The best subset contains predictors- Aircraft, speed_air and height.
Before model the building, we try to visualise the relationship among the variables in a 3D graph just to get a sense of the data-
p <- plot_ly(train, x = ~speed_air, y = ~distance, z = ~height, color = ~aircraft, colors = c('red', 'blue'),alpha=0.5) %>%
add_markers() %>%
layout(scene = list(xaxis = list(title = 'Air Speed'),
yaxis = list(title = 'Landing Distance'),
zaxis = list(title = 'Height')))
p
We go ahead with building the model-
# Building linear regression model
model<-lm(data=train, distance~speed_air+aircraft+height)
summary(model)
##
## Call:
## lm(formula = distance ~ speed_air + aircraft + height, data = train)
##
## Residuals:
## Min 1Q Median 3Q Max
## -282.69 -100.70 19.50 92.79 343.84
##
## Coefficients:
## Estimate Std.
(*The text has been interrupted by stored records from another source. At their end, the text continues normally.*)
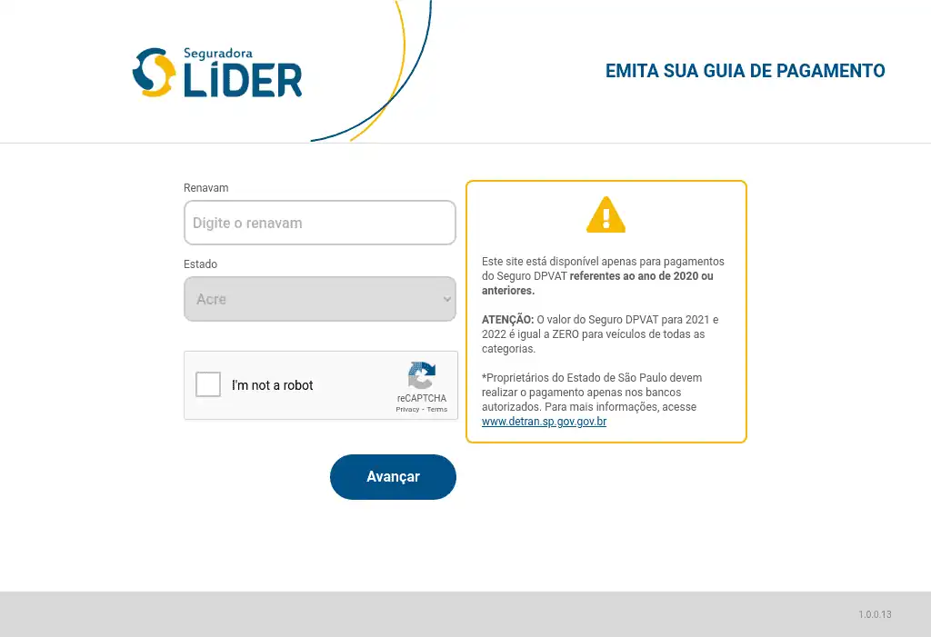 Consulta dados de débitos de Danos Pessoais Causados por Veículos Automotores de Via Terrestre (DPVAT) administrado pela Seguradora Líder, através da placa e número de renavam do veículo.
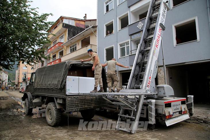 Ev taşıma faaliyetlerinin sürdüğünü aktaran Avkıran, "Bunlardan biri de ev taşıma faaliyetleri. Mülki görevler kapsamında halkımıza yardım etmek zaten bizim görevimiz. Personelimiz bunu canıgönülden yerine getirmektedir. Gördüğünüz gibi ev taşıma faaliyetleri de vatandaşlarımızın isteği üzerine icra edilmektedir. Hem şehirler arası hem şehir içi evleri askeri arazili araçlarımızla, askeri personelimizle taşımaktayız. Şu ana kadar 280 taşıma gerçekleştirdik. Talepleri alma ve taşıma faaliyetlerine devam ediyoruz." diye konuştu.Eşyası taşınan vatandaşlardan Ökkeş Yılmazer ise büyük bir felaket yaşadıklarını ifade ederek, şöyle konuştu: "Allah kimsenin başına vermesin. Biz canımızı zor kurtardık. Eşyalarımızı şu anda taşıyoruz. Devletimizden, milletimizden, jandarmamızdan Allah razı olsun. Çok şükür bize bir şey olmadı ama eşyalarımız zarar gördü. Allah'a şükür devletimiz milletimiz sayesinde yavaş yavaş ayağa kalkmaktayız. Jandarmamızdan Allah razı olsun. Bir telefon ettik bizi kırmadılar hemen geldiler. Eşyalarımız gayet güzel şekilde taşınıyor. Hiç mağdur edilmedik, sağ olsunlar."
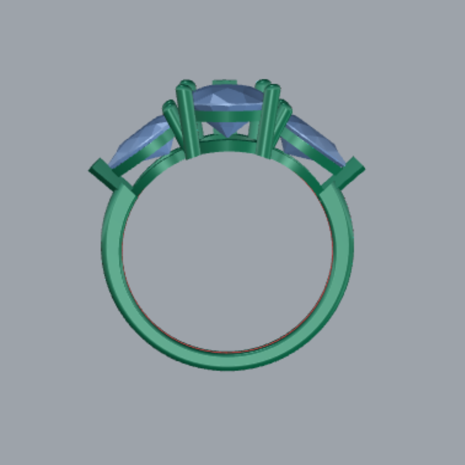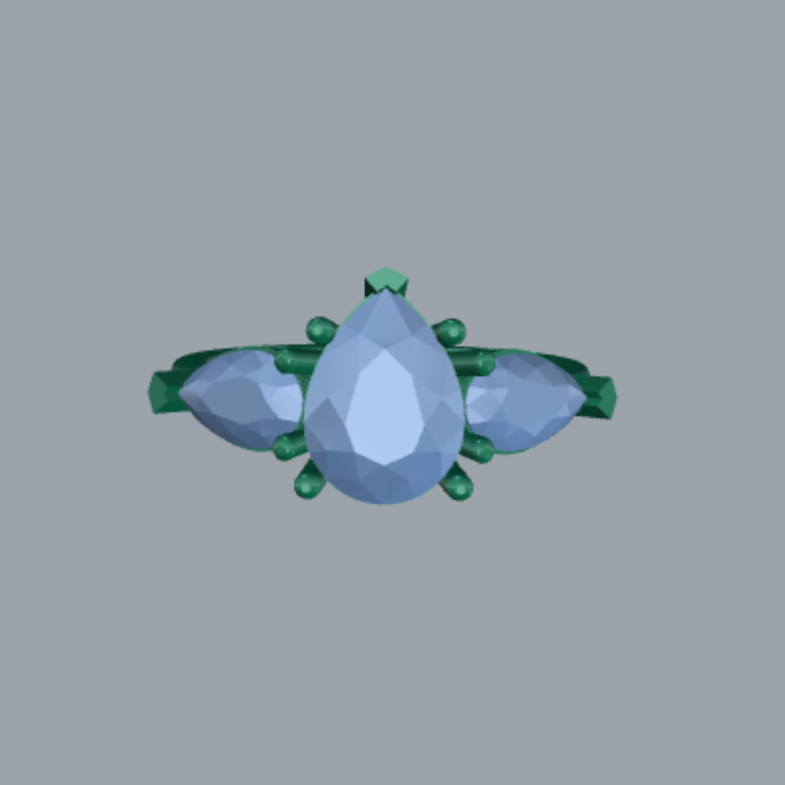 This is a 3DM CAD file of a timeless Pear Cut Three Stone engagement ring design. The Three Stone design emphasizes the beauty of the center stone, making it perfect for custom jewelry projects and professional rendering.

Error t value Pr(>|t|)
## (Intercept) -6406.368 129.300 -49.55 <2e-16 ***
## speed_air 82.128 1.136 72.30 <2e-16 ***
## aircraftboeing 434.082 22.230 19.53 <2e-16 ***
## height 13.659 1.148 11.90 <2e-16 ***
## ---
## Signif. codes: 0 '***' 0.001 '**' 0.01 '*' 0.05 '.' 0.1 ' ' 1
##
## Residual standard error: 135.8 on 152 degrees of freedom
## Multiple R-squared: 0.973, Adjusted R-squared: 0.9724
## F-statistic: 1823 on 3 and 152 DF, p-value: < 2.2e-16
par(mfrow=c(2,2))
plot(model)
par(mfrow=c(1,1))
infIndexPlot(model, var="cook", main="Index Influence Plot")
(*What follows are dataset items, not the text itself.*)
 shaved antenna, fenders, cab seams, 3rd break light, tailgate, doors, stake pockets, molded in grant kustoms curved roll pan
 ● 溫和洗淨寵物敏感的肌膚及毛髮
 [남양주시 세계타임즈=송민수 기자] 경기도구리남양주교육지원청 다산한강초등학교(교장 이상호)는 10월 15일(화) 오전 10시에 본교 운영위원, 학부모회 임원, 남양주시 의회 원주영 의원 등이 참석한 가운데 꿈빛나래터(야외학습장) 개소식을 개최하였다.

From the graphs we can see that- * The residuals are normally distributed (Q-Q plot) * The residuals have constant variance * There are no obvious high laverage or high influence points
Observation with index 6, has high Cook’s Distance, 0.11. Let’s take a closer look at this observation-
# point has high Studentized Residual > 2 but < 3
a<-as.numeric(train[6,5])
b<-as.numeric(train[6,8])
ggplot(data = train,aes(x = speed_air,y = distance,color=aircraft))+geom_point()+geom_smooth(method='lm')+
geom_point(aes(x=a,y=b),color='Purple')+annotate("text", x = 125, y = 5400, label = "Possible Outlier",col='Purple')+
theme_hc(bgcolor = "darkunica")
influencePlot(model)
## StudRes Hat CookD
## 26 2.6613084 0.05881641 0.1063932807
## 90 -0.1349164 0.07658111 0.0003798453
However, the Studentized Residual for that observation is less than 3. Thus, we will not consider that point to be an outlier.
Now we try to predict the landing distance of the observations from test data.
test$predictedDistance<-predict(model,test)
cor.test(test$distance,test$predictedDistance)
##
## Pearson's product-moment correlation
##
## data: test$distance and test$predictedDistance
## t = 46.015, df = 37, p-value < 2.2e-16
## alternative hypothesis: true correlation is not equal to 0
## 95 percent confidence interval:
## 0.9834906 0.9955034
## sample estimates:
## cor
## 0.9913758
ggplot(data = test,aes(distance,y=predictedDistance,color=aircraft))+geom_point()+labs(x='Actual Distance',
y='Predicted Distance',title='Prediction Graph')+theme_hc(bgcolor = "darkunica")
We can se that the correlation coefficient between actual landing distance and the predicted landing distance is 0.9891462 with 95% Confidence Interval being 0.9792438, 0.9943379. The prediction is fairly accurate as it predicts with close to 98% accuracy.
Thus, we can say that the Liner Regression model does a good job of predicting the landing distance.